2.2.2 Code Graph Structure Modeling

Code graph structure modeling methods represent source code as a graph structure, leveraging technologies like GNN to capture syntactic and semantic information in the code. This approach efficiently handles complex structures in code, such as function calls, control flow, and data flow. By representing code as graphs, models can better understand the logical relationships within the code, thus enhancing vulnerability detection effectiveness. References [1620] are examples of vulnerability detection methods based on code graph structure modeling. Zhou et al. [16] proposed a GNN-based vulnerability detection model called Devign, which transforms code into a graph structure to effectively capture syntactic and semantic information, thereby improving the accuracy and robustness of vulnerability detection. Wang et al. [17] adopted code graph embedding and graph self-supervised learning denoising to improve the accuracy and efficiency of code vulnerability detection. However, existing methods still face challenges; using graph structure modeling often requires complex control flow and data flow analysis, leading to significant computational overhead.

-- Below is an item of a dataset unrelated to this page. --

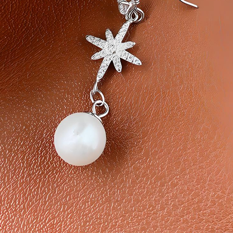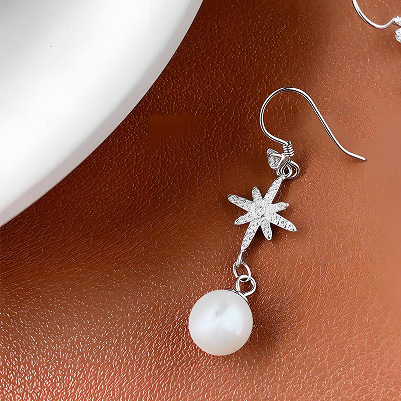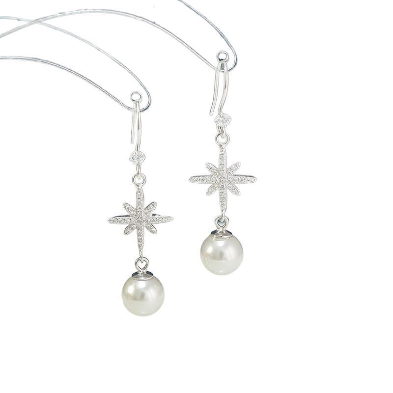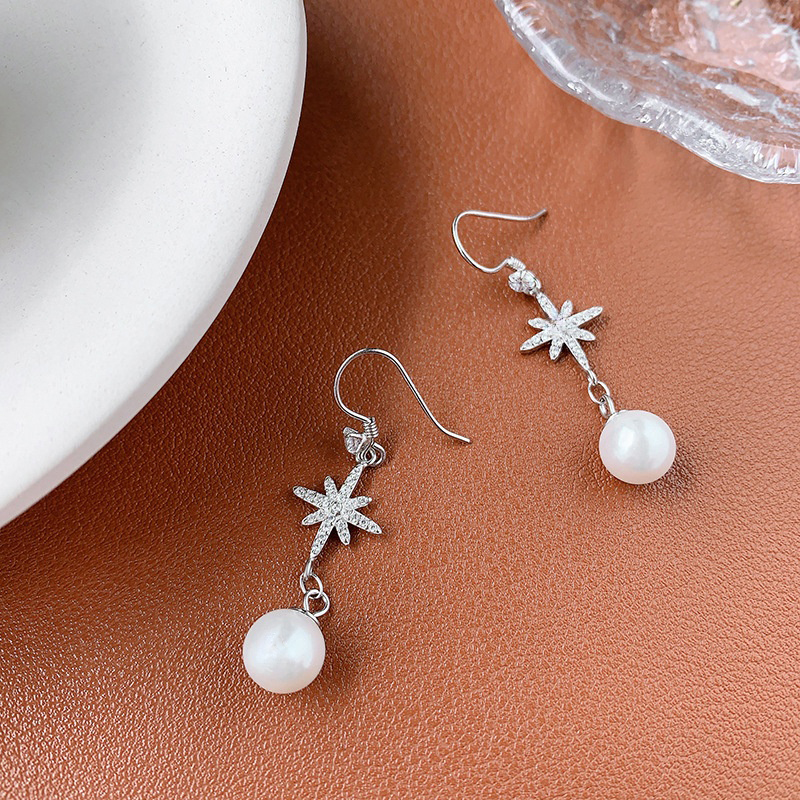 925 Sterling Silver Drop Earring, with Plastic Pearl, Eight Point Star, fashion jewelry & for woman & with rhinestone, 50mm, Sold By Pair
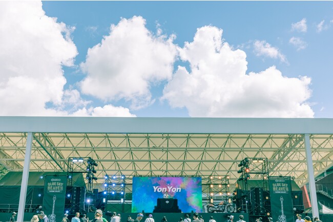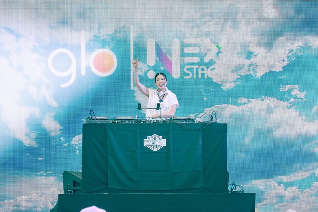 メインステージの「BLUE SKY STAGE」は、block.fmとglo(TM)によるコラボプロジェクト「glo(TM) NEX STAGE」とコラボしたDJパフォーマンスからスタート。フジロックなど大型フェスにも出演するDJ/アーティストのYonYonがオープニングアクトを飾り、爽快な青空のもと、ゆったりとのれるR&Bからアグレッシブなヒップホップまで縦横無尽にプレイし、続々と会場に到着する観客を出迎えます。「Beautiful Woman」や「mirror(選択)」といった自身の楽曲では自らマイクを持ち歌声を披露し、ステージ前に集まった観客を魅了していました。

2.2.3 Pre-Trained Language Models

Pre-trained language models (e.g., CodeBERT [21], GraphCodeBERT [22]) learn general representations through massive code corpora, supporting zero-shot vulnerability detection. These models can capture deep semantic information in the code and perform excellently in various tasks. References [2326] are examples of vulnerability detection methods combining LLMs. For example, LineVul [24] fine-tuned CodeBERT, achieving an F1 score of 0.82 in cross-project testing, a 30% improvement over traditional methods, demonstrating the effectiveness of LineVul. Recent work by Lu et al. [25] introduced the GRACE method, which combines graph structural information and context learning to enhance software vulnerability detection based on LLMs. Although LLMs show good generalization potential, they still face challenges such as privacy leaks and domain bias.

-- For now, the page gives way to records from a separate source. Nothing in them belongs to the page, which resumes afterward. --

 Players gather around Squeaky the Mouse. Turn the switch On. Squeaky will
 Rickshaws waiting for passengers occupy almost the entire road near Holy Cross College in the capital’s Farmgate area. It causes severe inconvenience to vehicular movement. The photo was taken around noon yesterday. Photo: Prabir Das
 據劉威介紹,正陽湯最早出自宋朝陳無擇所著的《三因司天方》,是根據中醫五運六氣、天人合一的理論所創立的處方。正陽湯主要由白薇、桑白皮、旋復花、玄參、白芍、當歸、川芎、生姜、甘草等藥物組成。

Existing vulnerability detection methods face a ternary constraint among detection accuracy, computational efficiency, and generalization ability. Rule-based and machine learning methods are limited by manually defined patterns, making it difficult to address new types of vulnerabilities; sequence models are lightweight but ignore structural semantics, while graph models are precise but computationally expensive. For example, models based on CPG or full AST, such as Devign [16] and IVDetect [27], require traversing complex control flows and data flows, causing graph sizes to grow exponentially with the amount of code. On the other hand, sequence models (e.g., VulDeePecker [10]) capture local contexts through sliding windows but are limited by window lengths, making it challenging to model global semantics across functions.

Additionally, existing methods exhibit imbalances in semantic granularity, some methods [10,28] focus excessively on fine-grained features (such as individual AST node types), leading to high false positive rates; while others [29,30] only model coarse-grained global representations, potentially missing complex logic vulnerabilities. To overcome these issues, several vulnerability detection methods using balanced semantic granularity have been proposed [3,3133]. The SAHAN model proposed in this paper reduces computational costs compared to most graph-based models and effectively addresses the long-range dependency problems that sequence models struggle with.

3  Methodology

The SAHAN method we proposed primarily consists of four core stages: a. AST Parsing and Syntax-Rule-Based Slicing, b. Slice Vectorization, c. Context-Aware Encoding and Global Aggregation, d. Vulnerability Classification. The frame diagram of SAHAN’s method is shown in Fig. 1.

images

Figure 1: Framework diagram of the SAHAN vulnerability detection method

3.1 AST Parsing and Syntax-Rule-Based Slicing

The process of AST parsing and generating slices is shown in Stage 1 of Fig. 1. Before generating the AST, we preprocess the dataset to obtain standardized code snippets. The result of source code preprocessing is illustrated in Fig. 2.

images

Figure 2: Source code preprocessing

3.1.1 AST Parsing

Tree-sitter [34] is an open-source parser generator tool and incremental parsing library that can generate AST and build efficient and flexible parsers for C/C++.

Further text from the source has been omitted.